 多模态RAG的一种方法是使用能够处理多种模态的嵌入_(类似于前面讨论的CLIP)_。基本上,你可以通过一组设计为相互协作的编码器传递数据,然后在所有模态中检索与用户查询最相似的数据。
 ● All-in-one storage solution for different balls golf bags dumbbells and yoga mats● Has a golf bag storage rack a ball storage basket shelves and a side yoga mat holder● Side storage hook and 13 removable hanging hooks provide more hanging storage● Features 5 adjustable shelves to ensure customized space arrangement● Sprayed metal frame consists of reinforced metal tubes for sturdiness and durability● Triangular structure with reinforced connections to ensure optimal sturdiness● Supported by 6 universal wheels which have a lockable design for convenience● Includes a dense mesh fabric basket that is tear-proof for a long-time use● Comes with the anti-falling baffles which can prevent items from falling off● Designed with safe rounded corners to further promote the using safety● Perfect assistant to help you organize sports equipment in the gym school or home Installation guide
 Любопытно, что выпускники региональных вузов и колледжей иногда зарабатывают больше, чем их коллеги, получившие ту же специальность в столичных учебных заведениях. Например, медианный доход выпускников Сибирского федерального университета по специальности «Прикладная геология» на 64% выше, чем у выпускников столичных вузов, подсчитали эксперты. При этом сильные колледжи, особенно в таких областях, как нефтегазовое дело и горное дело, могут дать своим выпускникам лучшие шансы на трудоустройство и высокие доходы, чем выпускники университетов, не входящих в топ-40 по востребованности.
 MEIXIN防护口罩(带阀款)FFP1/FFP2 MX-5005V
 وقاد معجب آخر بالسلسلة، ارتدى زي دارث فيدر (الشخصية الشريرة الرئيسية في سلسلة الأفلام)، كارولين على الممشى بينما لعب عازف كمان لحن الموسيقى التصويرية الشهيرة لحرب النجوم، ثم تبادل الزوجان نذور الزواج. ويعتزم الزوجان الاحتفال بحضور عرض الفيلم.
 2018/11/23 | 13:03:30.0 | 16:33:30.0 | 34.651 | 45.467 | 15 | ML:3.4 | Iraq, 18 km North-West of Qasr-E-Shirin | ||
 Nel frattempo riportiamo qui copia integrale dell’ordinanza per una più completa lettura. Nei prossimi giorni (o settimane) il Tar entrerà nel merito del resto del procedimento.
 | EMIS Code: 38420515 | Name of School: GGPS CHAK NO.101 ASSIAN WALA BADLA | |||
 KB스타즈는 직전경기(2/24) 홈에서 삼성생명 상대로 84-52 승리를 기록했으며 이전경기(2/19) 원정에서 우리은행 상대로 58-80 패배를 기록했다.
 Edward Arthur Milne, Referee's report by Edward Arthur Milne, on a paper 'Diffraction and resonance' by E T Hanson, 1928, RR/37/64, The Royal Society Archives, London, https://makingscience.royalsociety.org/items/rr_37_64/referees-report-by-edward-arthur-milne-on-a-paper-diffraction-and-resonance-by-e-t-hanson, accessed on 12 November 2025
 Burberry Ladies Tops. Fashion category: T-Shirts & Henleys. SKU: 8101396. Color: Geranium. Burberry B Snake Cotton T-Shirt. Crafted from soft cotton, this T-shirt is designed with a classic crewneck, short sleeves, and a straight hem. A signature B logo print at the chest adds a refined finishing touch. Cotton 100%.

WORK INSTRUCTIONS: Write out the whole listing again, exactly as it stands.

RESULT:
 多模态RAG的一种方法是使用能够处理多种模态的嵌入_(类似于前面讨论的CLIP)_。基本上,你可以通过一组设计为相互协作的编码器传递数据,然后在所有模态中检索与用户查询最相似的数据。
 ● All-in-one storage solution for different balls golf bags dumbbells and yoga mats● Has a golf bag storage rack a ball storage basket shelves and a side yoga mat holder● Side storage hook and 13 removable hanging hooks provide more hanging storage● Features 5 adjustable shelves to ensure customized space arrangement● Sprayed metal frame consists of reinforced metal tubes for sturdiness and durability● Triangular structure with reinforced connections to ensure optimal sturdiness● Supported by 6 universal wheels which have a lockable design for convenience● Includes a dense mesh fabric basket that is tear-proof for a long-time use● Comes with the anti-falling baffles which can prevent items from falling off● Designed with safe rounded corners to further promote the using safety● Perfect assistant to help you organize sports equipment in the gym school or home Installation guide
 Любопытно, что выпускники региональных вузов и колледжей иногда зарабатывают больше, чем их коллеги, получившие ту же специальность в столичных учебных заведениях. Например, медианный доход выпускников Сибирского федерального университета по специальности «Прикладная геология» на 64% выше, чем у выпускников столичных вузов, подсчитали эксперты. При этом сильные колледжи, особенно в таких областях, как нефтегазовое дело и горное дело, могут дать своим выпускникам лучшие шансы на трудоустройство и высокие доходы, чем выпускники университетов, не входящих в топ-40 по востребованности.
 MEIXIN防护口罩(带阀款)FFP1/FFP2 MX-5005V
 وقاد معجب آخر بالسلسلة، ارتدى زي دارث فيدر (الشخصية الشريرة الرئيسية في سلسلة الأفلام)، كارولين على الممشى بينما لعب عازف كمان لحن الموسيقى التصويرية الشهيرة لحرب النجوم، ثم تبادل الزوجان نذور الزواج. ويعتزم الزوجان الاحتفال بحضور عرض الفيلم.
 2018/11/23 | 13:03:30.0 | 16:33:30.0 | 34.651 | 45.467 | 15 | ML:3.4 | Iraq, 18 km North-West of Qasr-E-Shirin | ||
 Nel frattempo riportiamo qui copia integrale dell’ordinanza per una più completa lettura. Nei prossimi giorni (o settimane) il Tar entrerà nel merito del resto del procedimento.
 | EMIS Code: 38420515 | Name of School: GGPS CHAK NO.101 ASSIAN WALA BADLA | |||
 KB스타즈는 직전경기(2/24) 홈에서 삼성생명 상대로 84-52 승리를 기록했으며 이전경기(2/19) 원정에서 우리은행 상대로 58-80 패배를 기록했다.
 Edward Arthur Milne, Referee's report by Edward Arthur Milne, on a paper 'Diffraction and resonance' by E T Hanson, 1928, RR/37/64, The Royal Society Archives, London, https://makingscience.royalsociety.org/items/rr_37_64/referees-report-by-edward-arthur-milne-on-a-paper-diffraction-and-resonance-by-e-t-hanson, accessed on 12 November 2025
 Burberry Ladies Tops. Fashion category: T-Shirts & Henleys. SKU: 8101396. Color: Geranium. Burberry B Snake Cotton T-Shirt. Crafted from soft cotton, this T-shirt is designed with a classic crewneck, short sleeves, and a straight hem. A signature B logo print at the chest adds a refined finishing touch. Cotton 100%.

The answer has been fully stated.